His latest release is remarkably more upbeat, but doesn’t depart from the introspection that has made him such a versatile songwriter. A lot of the inspiration behind Very Nice derives from the significant amount of time Mangan spent on the road and the ups and downs of being a touring musician.

“In the last four years, I spent 40 to 50 per cent of my time touring and I think that’s definitely affected it,” says Mangan. “The idea of coming home, and the idea of leaving home, the people you meet on the road and the people you miss, that you aren’t seeing because you are on the road — there’s an interesting dynamism there, and I would say that’s definitely affected this record quite a bit.”

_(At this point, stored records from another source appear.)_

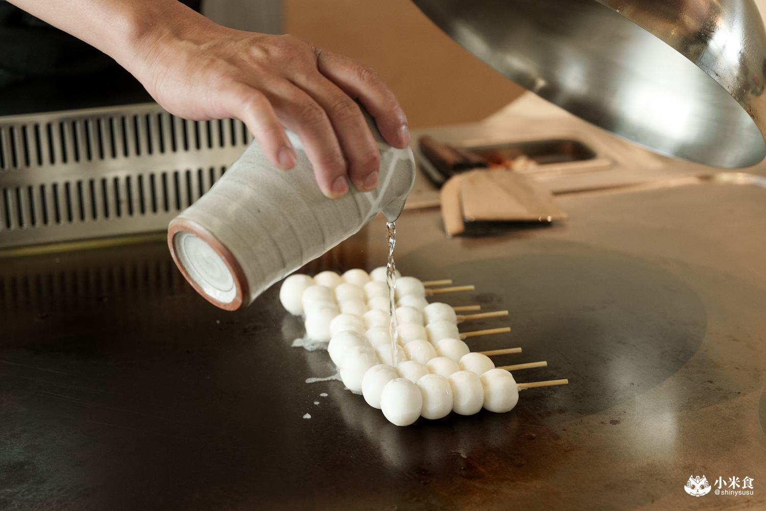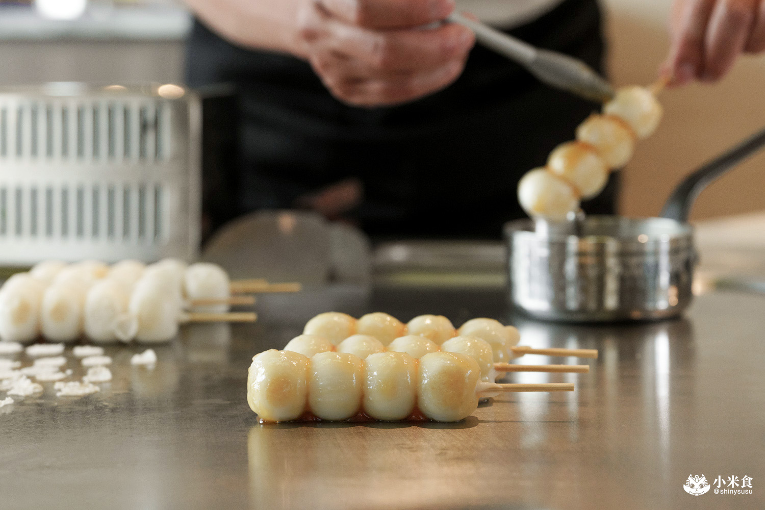 甜點以少見的日式糰子來為餐敘畫句點,糰子上鐵板稍微煎過再薄刷照燒醬,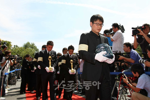 4일 오후 경기도 광주시 분당 스카이캐슬 추모공원에서 열린 故 장진영 추모식에서 고인의 영정과 유골함이 추모관으로 향하고 있다. 광주(경기) | 임진환 기자 photolim@donga.com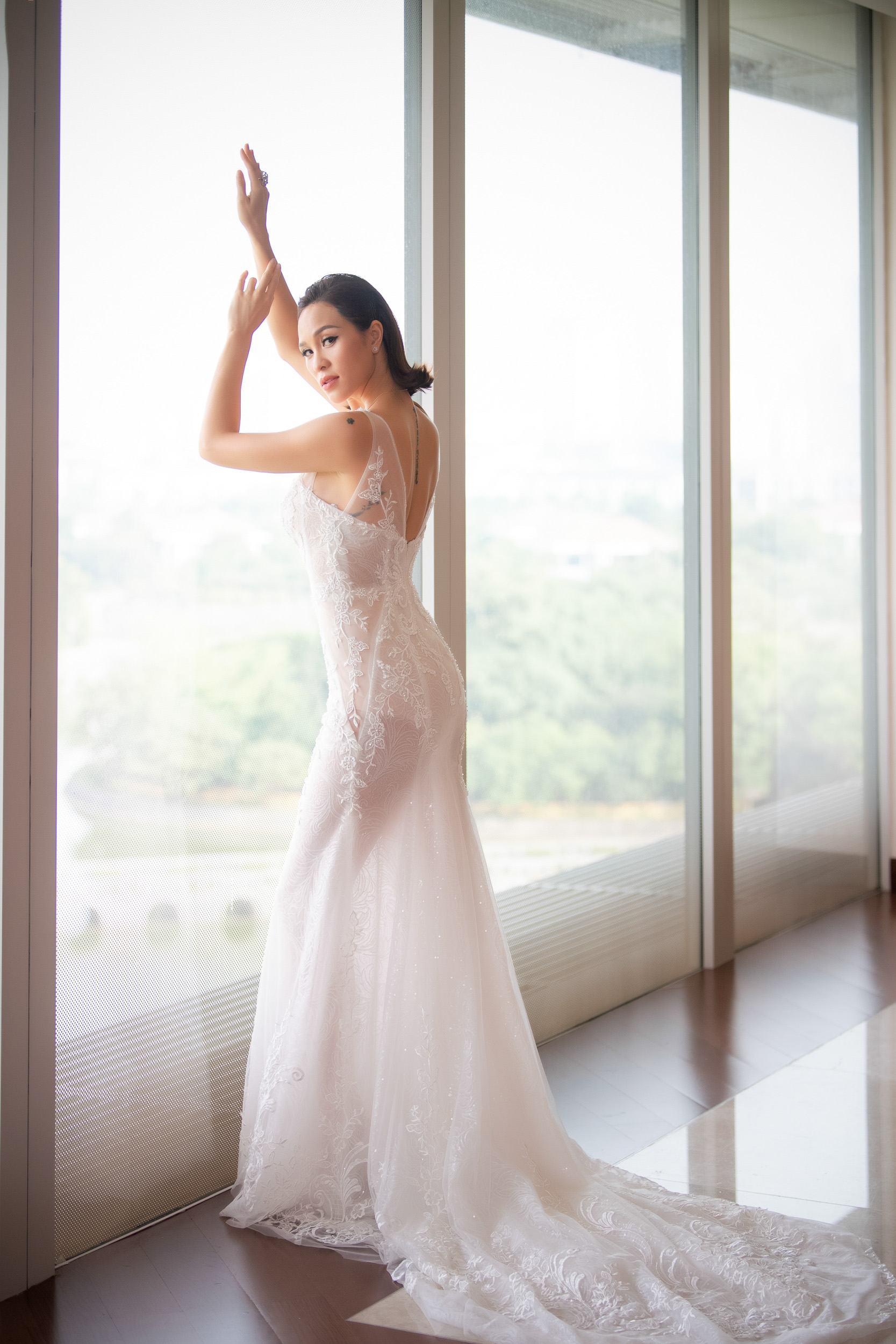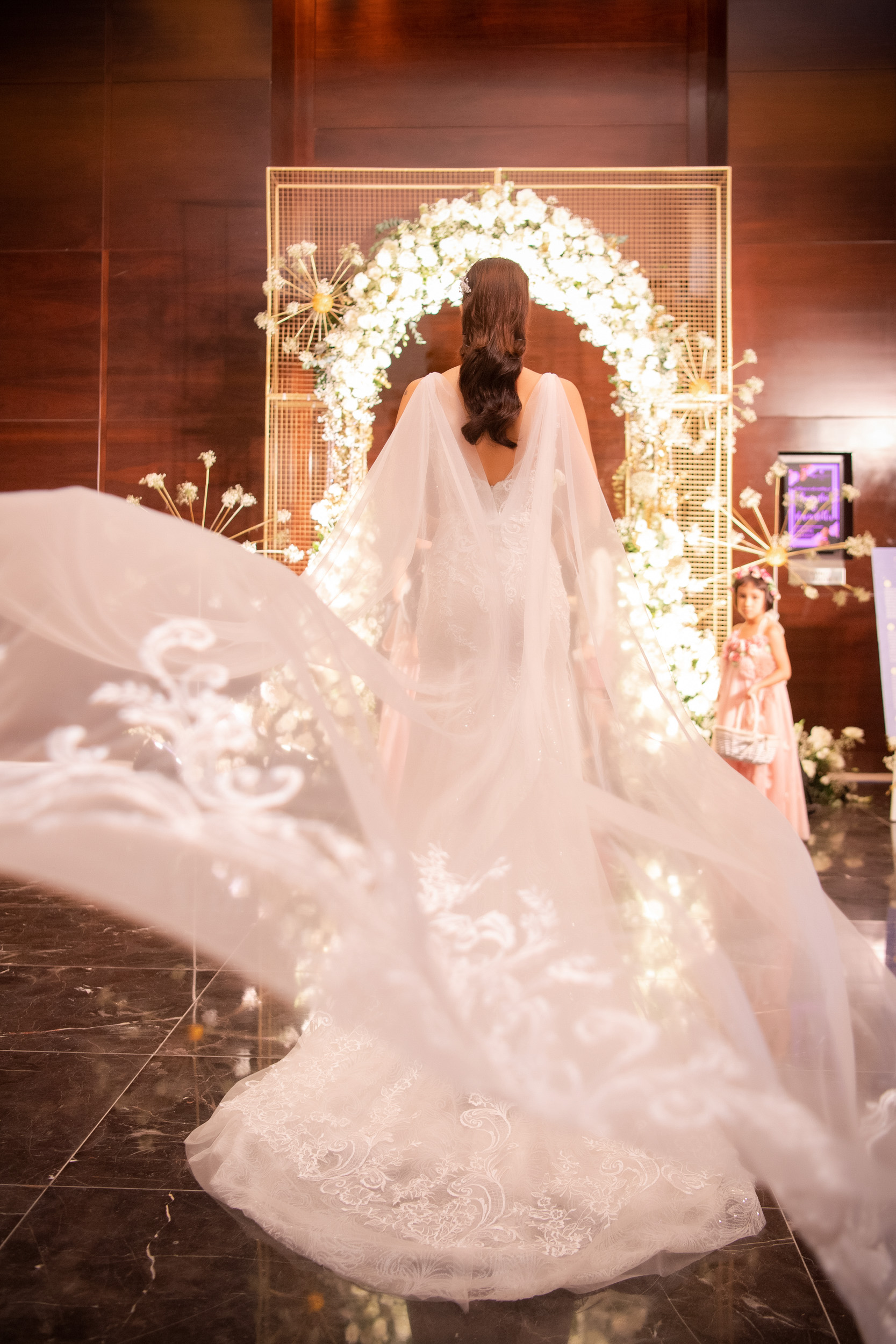 Đây cũng chính là bộ váy cô diện khi làm lễ, người đẹp chọn hoa cưới màu hồng tím thật nhạt để nổi bật trên nền trắng chất liệu.

It’s not just his songwriting that makes Mangan a capable musician. His knowledge of the changing nature of music affords him the opportunity to offer his music to fans over the globe. After streaming his first album off his website, you can now listen to many of the songs from the new album on his MySpace account and his music can be purchased on iTunes. He recognizes the important role the internet can have in shaping a musical career and how it has changed the music industry for the better.

“I think with the Internet, it equals the playing field and it’s allowing people, who maybe, 10 years ago, would have had a hard time having a viable career in this industry, all of a sudden they are paying their rent,” explains Mangan. “They may not be a superstar, they may not be filling huge stadiums, but I think most of those people never really wanted that anyway. A nice result of the Internet is that more good music is happening than ever before, and it’s because more of that ground level good music is being supported that used to not get supported.”

Despite the rise of piracy and illegal downloading, Mangan remains optimistic about the current state of the music industry. A good plan for such an exciting young musician.

“It’s a really exciting time for music in general,” Mangan concludes. “I think that right now what we’re getting is a real sonic innovation happening in music, but at the same time a return to an appreciation for lyricism and a kind of song writing in it’s more traditional form.”